Aggressive Marketing Campaigns, or, Where companies are going wrong

We all know, and for the most part accept, that marketing and advertising play a very large part of the world we live in. They are omnipresent, and as such it becomes easy to tune out, to not see them. And so marketing companies adopt ever more aggressive, offensive, or bizarre  methods of getting your attention and getting their message across.

However lately I feel that a line has been crossed. I find myself consciously rebelling against and rejecting companies I feel have impinged just a little bit too much upon my convenience.

TRUenergy is one prime example. For those readers who are not familiar with the company, it is a gas and electricity retailer, and that is all. Nothing fancy or unusual. In recent months they have been campaigning in my area for new customers, and as part of that I’ve had multiple door-to-door sales people visit me. That, in itself, is not a problem. I’ve been a door-to-door sales person myself, it’s just one of the many jobs you take to get you by. However, when those people begin to either outright lie or subtly mislead their clientèle, a line has most definitely been crossed.

“I’m from your gas company,” says the young man standing at my door. “I’m here to tell you about some great new deals we’ve got.”

It takes several attempts and repetitions of “Exactly which company are you from?” to elicit from him that he is from TRUenergy, which is not a good start. I then assert, correctly, that TRUenergy is not my current gas retailer. “No no,” he insists, “We cover all of this area.” So now, at best I am being mislead, and at worst I am being insulted and called stupid, as if I do not know who I pay my bills to. On one occasion, I was even told that TRUenergy actually own the company I am with, which is blatantly untrue.

The idea behind it all, naturally, is to convince you that even though his company name is different from the one currently billing you, “Nothing will change, you will just get this new deal.” Insofar as I will still have gas connected to my home, that is true. But, lacking any actual problems with my current gas retailer, I have no incentive to change, particularly not to a company who have just tried to trick me into doing so. It would involve the provision of all of my details, setting up new billers in my netbanking environment, and very probably entering into a twelve or twenty-four month contract. All that, for very little noticeable benefit, to be the customer of a company with questionable morals. I’m quite happy with the company who leave me alone, thank you.

In short, TRUenergy’s tactics have actively put me off ever choosing to go with that company, regardless of rates or deals.

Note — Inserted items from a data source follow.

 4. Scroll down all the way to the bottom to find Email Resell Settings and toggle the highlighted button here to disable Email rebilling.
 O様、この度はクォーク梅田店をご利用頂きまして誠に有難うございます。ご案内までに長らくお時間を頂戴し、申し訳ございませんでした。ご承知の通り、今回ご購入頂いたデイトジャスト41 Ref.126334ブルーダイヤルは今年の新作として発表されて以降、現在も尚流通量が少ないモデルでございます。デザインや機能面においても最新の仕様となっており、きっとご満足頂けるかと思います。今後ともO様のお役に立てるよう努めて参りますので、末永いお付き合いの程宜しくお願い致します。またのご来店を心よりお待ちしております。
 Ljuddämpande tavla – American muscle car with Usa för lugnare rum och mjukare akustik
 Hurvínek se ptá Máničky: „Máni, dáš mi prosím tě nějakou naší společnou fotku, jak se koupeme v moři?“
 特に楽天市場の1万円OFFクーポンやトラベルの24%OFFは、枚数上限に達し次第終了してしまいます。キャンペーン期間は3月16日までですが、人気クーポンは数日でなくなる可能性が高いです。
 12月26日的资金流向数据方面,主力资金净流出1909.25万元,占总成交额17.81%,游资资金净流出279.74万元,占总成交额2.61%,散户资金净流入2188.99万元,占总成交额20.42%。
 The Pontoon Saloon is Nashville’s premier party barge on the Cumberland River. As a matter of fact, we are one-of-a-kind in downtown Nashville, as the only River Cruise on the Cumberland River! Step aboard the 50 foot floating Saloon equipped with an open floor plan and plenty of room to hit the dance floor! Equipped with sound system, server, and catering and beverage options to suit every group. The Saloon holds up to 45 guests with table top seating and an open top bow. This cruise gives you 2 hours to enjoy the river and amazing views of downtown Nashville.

My next target is Emirates, who are currently trying to convince me (via to fly to New Zealand. That’s all well and good, and their sidebar advertisement is fine. However, should I let my mouse cursor hover over said ad, it expands and pops out over the article I am attempting to read. There is a close button, however mis-timing the click can result in being taken to the Emirates website instead of closing the pop-out. And, once closed, it does not stay closed; it will pop out again next time my mouse inadvertently strays to that side of the page. How annoying. I wasn’t looking at flying any time soon, but should I consider it, Emirates will be low on the list of options.

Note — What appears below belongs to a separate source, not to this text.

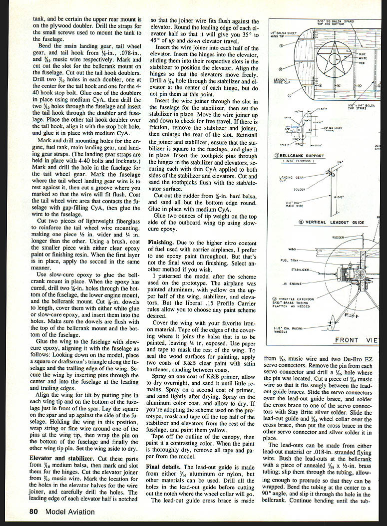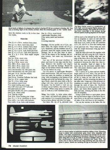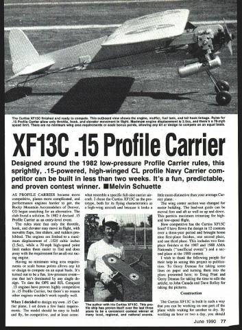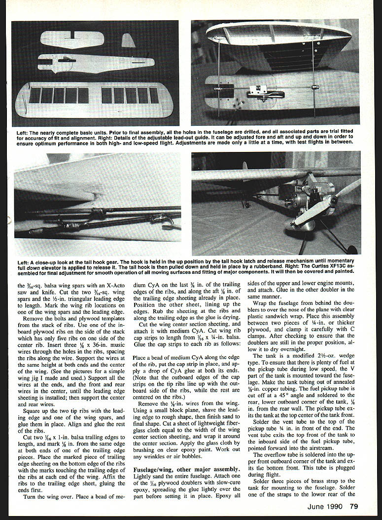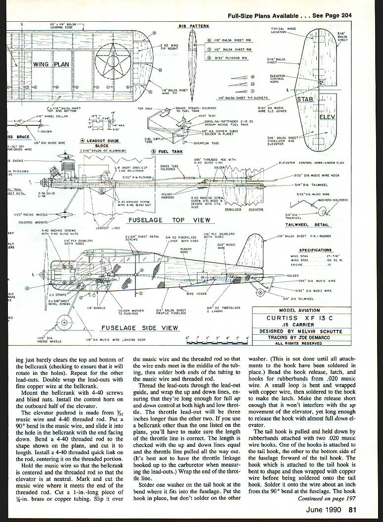 The Curtiss XF13C finished ready compete outboard view shows engine muffler fuel tank tail hook linkage Ruia 15 Profile Carrier allow throttie hook elevator movement flight Maximum engine displacement i 25cc theres 70-mph speed limit no minimum wing area requirements scale bonus points ailowing kit design compete equal basis XF13C 15 Profile Carrier Designed around 1982 low-pressure Profile Carrier rules sprightly 15-powered high-winged CL profile Navy Carrier com petitor can built less two weeks Its fun predictable proven contest winner U Melvin Schuette AS PROFILE CARRIER became competitive planes complicated performance engines harder get Rocky Mountain Aeromodelers Denver CO began searching alternative club found solution 1982 devised 15 Profile Carrier entry-level event rules state throttle hook elevator may move flight movable flaps line sliders rudders pro hibited engines limited maxi mum displacement 1525 cubic inches 25cc 70-mph high-speed point limit makes easier find does away requirement all-out rac ing engine Having no minimum wing area require ments scale bonus points allows kit design compete equal basis Its turned out fun low-pressure event isnt dominated single de sign date OPS RJL Conquest 15 engines have proven highly competitive 15 Profile Carrier theres no reason other engines wouldnt work equally well decided design own 15 Car rier plane set down few basic require ments model should easy build fly competitive least somewhat resemble specific full-size carrier air craft chose Curtiss XFl3C pro totype both its flying characteristics high-wing aircraft because looks little distinctive average Car rier plane wing center section changed easier building lead-out guide can moved fore aft well up down permits maximum trimmiig highand low-speed flight competitive has Curtiss XFl3C have flown design 12 contests over three-year period brought home nine first-place finishes second place third place includes two firstplace finishes 1987 1988 AMA Nationals unofficial events sec ond place 1989 contest wish thank following people help seeing project publica tion Gerry Deneau taking some lines paper turning plans presented Doug Pratt Gerry Deneau taking time edit article John Canada Dave Rolley taking pictures Construction Curtiss XFl3C built such way can working part plane waiting another dry working hour two day should June 1990 77 author Curtiss XF13C pro file ship has proven itseif over last three years consistent contest winner local regional national events have airplane ready fly less two weeks Materials x 36-in medium balsa sheet % x 3 x 36-in hard balsa sheet /i6 x 3 x 35-in medium balsa sheet Five V16 x 3 x 36-in 4-6-lb balsa sheet 6 x 6 x 12-in 3-ply birch plywood Y32 x 2 x 2 -in 3-ply birch plywood % x 3/ x 12-in hard maple engine mounts i/6 x 36-in music wire /32 x 36-in music wire /i6 x 36-in music wire 020 x 36-in music wire 032 x 36-in music wire 078 x 36-in music wire 2-56 threaded rod quick link 4-40 threaded rod quick link pair 1 4n slim-line wheels 3A-in tail wheel 2-oz Carolina-Taffinder fuel tank -in copper tube i4 x 12-in brass strap medium control horn Two metal landing gear straps LRP short-span C27 belicrank pack lead-out cable pack Du-Bro EZ servo connectors A6-in wheel collar 2 oz lead tip weight Four %-in nylon landing gear straps x 1 x u-in aluminum nylon Five 4-40 x 1-in bolts locknuts Two 4-40 x -in bolts locknuts % x 36-in wood dowel Lightweight fiberglass cloth Clear epoxy paint hardener Paint Covering materials Fuselage Cut profile out %-in dium balsa engine mounts out % x %-in hardwood doublers out 6 plywood Insert engine mounts fuselage glue place Trial fit engine fuselage en gine mounts make corrections needed Lay plywood doublers place trace its rear edge onto fuse lage Remove doubler engine mounts sand fuselage Round edges bottom behind doubler top behind wing Cut two pieces lightweight fiberglass cloth reinforcement will cover area just under doublers behind wing overlapping bottom fuselage top behind wing Us ing brush attach glass cloth fu selage clear epoxy paint thin paint Use brush work out wrinides air bubbles allow cure overnight using epoxy paints sure work well-ventilated area Wing Use 4-6-lb A6 balsa unless other wise stated balsa-to-ply gluing done medium CyA cyanoacrylate glue balsa-to-balsa gluing thin CyA glue Cut three ribs out %2 plywood will used inboard tip rib other two templates stack cut sand rest ribs Stack together drill three %-in holes rib centerline 34 2/4 5A leading edge plywood ribs holes used simple homemade wing jig shown pictures Hold three plywood ribs together 4-40 bolts nuts using -in holes ribs Sand leading edge edge three ribs same shape Un bolt ribs turn ribs over sandwich between other two re bolt assembly Sand edges same size previously sanded edges will ensure identical upper lower wing airfoil shapes Cut 11 pieces A6 balsa slightly larger piece -in balsa Cut out plywood rib templates Stack five pieces V16 balsa side -in balsa piece remaining six pieces other side Using plywood rib templates guide drill three -in holes through stack balsa ribs Sandwich ribs between two plywood rib tem plates fasten together 4-40 bolts nuts utilizing holes ribs rib templates Using small block razor plane shave top bottom edges balsa ribs al down plywood templates Sand sides ribs down templates Cut out notches balsa ribs 78 Model Aviation Brett Smith Gilbert IA releases authors Curtiss XF1 3C contest Omaha NE winning flight Omaha contest Note arresting gear carrier deck Navy Carrier event combination both high- low-speed flights along arrested landing Curtiss XF1 3C ing flown nose-high picture during low-speed clocking segment flight Left Its much easier build model kitting first Choosing wood easier construction goes much smoothly swiftly maior components building Curtiss XF13C have cut out displayed photo Above nearly com plete wing still its jig order ensure straight wing au thor constructed jig -in plywood music wire m

Next! ANZ! A bank, what an easy target in these times of economic hardship! ANZ recently had a campaign going which is now finished and I still have no idea what they were on about. In the TV ad, a supposed ANZ representative presented an award of some sort to the wrong person, which just makes me think they’re incompetent. Their internet-based advertising was another of the “pop up and take up the entire screen, blocking out what you’re trying to see” variety, which I find frustrating at the best of times. It is only made worse by the lack of coherent message or any useful information.

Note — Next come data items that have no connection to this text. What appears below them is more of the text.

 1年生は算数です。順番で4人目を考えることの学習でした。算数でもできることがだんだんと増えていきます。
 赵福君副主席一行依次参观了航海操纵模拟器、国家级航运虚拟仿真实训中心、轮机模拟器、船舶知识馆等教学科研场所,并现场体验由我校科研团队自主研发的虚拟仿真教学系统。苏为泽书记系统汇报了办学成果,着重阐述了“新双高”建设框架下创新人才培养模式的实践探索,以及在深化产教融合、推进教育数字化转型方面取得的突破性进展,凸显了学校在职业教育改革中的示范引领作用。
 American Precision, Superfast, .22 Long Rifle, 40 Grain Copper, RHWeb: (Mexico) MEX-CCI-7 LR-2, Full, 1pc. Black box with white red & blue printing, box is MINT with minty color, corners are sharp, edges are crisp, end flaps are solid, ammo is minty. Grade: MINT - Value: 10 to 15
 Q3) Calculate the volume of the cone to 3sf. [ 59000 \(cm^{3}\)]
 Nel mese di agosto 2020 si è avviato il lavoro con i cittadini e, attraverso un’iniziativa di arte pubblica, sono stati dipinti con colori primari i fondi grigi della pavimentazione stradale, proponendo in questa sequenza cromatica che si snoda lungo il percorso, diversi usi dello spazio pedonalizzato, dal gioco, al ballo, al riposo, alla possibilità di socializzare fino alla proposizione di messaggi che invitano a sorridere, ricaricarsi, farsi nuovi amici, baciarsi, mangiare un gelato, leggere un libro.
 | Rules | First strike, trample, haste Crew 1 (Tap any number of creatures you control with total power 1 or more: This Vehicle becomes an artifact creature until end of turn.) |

My very last gripe for the day is one which I have blogged about before. That specific blog deals with an ad for a Ford Fiesta Zetec, and the complete lack of meaning in their catchphrase “Life’s better connnected.” However similar senseless, meaningless advertisements crop up all the time, everywhere, and it irritates me. Tell me something about your product, something useful, something I may actually want to know if considering a purchase – such as price, accessibility, appropriateness for my circumstances. Telling me that life is better connected (than what?) is a sure-fire way to make me wrinkle my forehead in confusion and immediately forget your product.

Thank you, that is all.



3 thoughts on “Aggressive Marketing Campaigns, or, Where companies are going wrong

  1. chantell says:

    The ad that annoys me at the moment is the new Ford Territory ad – with Jess in it – I actually know Jess and we actually share 8 or so facebook friends – some of them live in NZ – so how can a tank of petrol (or diesel) get her to all friends when some live in NZ – not true!

    I am over call centres ringing – and telling me that they are not selling anything – I always love the ones trying to sell me better land line deals – I don’t use my land line – have a gap mobile!

    Had the Stroke Foundation ring me the other day to ask me to door knock for them – if I was interested I would already be doing it!

    • stace8383 says:

      I keep my landline phone unplugged 🙂 For now, telemarketers haven’t started calling my mobile. Actually I think I put it on the do-not-call register a while back, if so, it’s working!

  2. Awanthi says:

    iPhone ads bug me a LOT. If you don’t have an iPhone, you don’t have a life. Whatever. Screw you, you stupid fruity company who knows nothing about my LIFE whatsoever.